** Work task **
Print the whole listing below exactly, skipping every picture.

** Supplied data **
↓

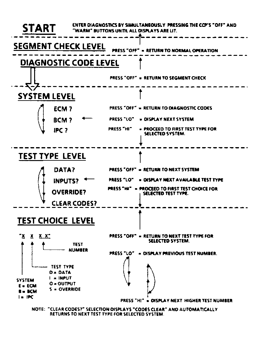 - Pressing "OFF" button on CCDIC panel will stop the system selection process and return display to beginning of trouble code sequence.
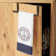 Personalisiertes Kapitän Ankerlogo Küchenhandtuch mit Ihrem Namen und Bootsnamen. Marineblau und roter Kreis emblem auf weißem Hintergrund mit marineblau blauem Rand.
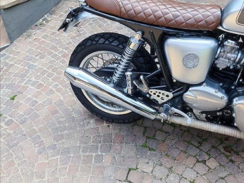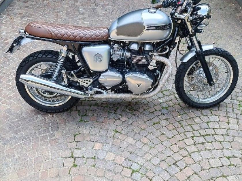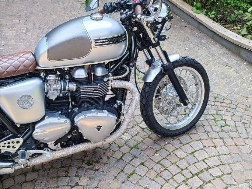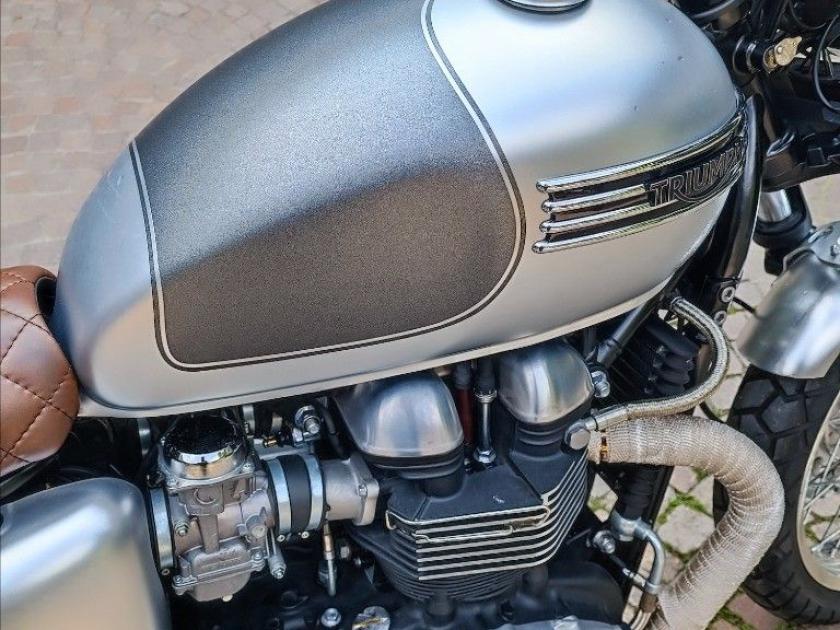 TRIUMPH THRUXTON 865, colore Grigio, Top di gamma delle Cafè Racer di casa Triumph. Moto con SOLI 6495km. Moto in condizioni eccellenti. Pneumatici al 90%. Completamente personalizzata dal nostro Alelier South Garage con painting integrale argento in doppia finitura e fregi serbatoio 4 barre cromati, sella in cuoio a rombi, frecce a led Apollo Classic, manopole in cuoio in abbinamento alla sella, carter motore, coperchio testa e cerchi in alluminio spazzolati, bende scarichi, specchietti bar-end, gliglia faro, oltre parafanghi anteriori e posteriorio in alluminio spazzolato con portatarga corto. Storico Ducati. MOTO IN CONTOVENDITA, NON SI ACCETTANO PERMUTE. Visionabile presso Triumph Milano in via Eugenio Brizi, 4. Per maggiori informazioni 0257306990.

↑

** Result **
 - Pressing "OFF" button on CCDIC panel will stop the system selection process and return display to beginning of trouble code sequence.
 Personalisiertes Kapitän Ankerlogo Küchenhandtuch mit Ihrem Namen und Bootsnamen. Marineblau und roter Kreis emblem auf weißem Hintergrund mit marineblau blauem Rand.
 TRIUMPH THRUXTON 865, colore Grigio, Top di gamma delle Cafè Racer di casa Triumph. Moto con SOLI 6495km. Moto in condizioni eccellenti. Pneumatici al 90%. Completamente personalizzata dal nostro Alelier South Garage con painting integrale argento in doppia finitura e fregi serbatoio 4 barre cromati, sella in cuoio a rombi, frecce a led Apollo Classic, manopole in cuoio in abbinamento alla sella, carter motore, coperchio testa e cerchi in alluminio spazzolati, bende scarichi, specchietti bar-end, gliglia faro, oltre parafanghi anteriori e posteriorio in alluminio spazzolato con portatarga corto. Storico Ducati. MOTO IN CONTOVENDITA, NON SI ACCETTANO PERMUTE. Visionabile presso Triumph Milano in via Eugenio Brizi, 4. Per maggiori informazioni 0257306990.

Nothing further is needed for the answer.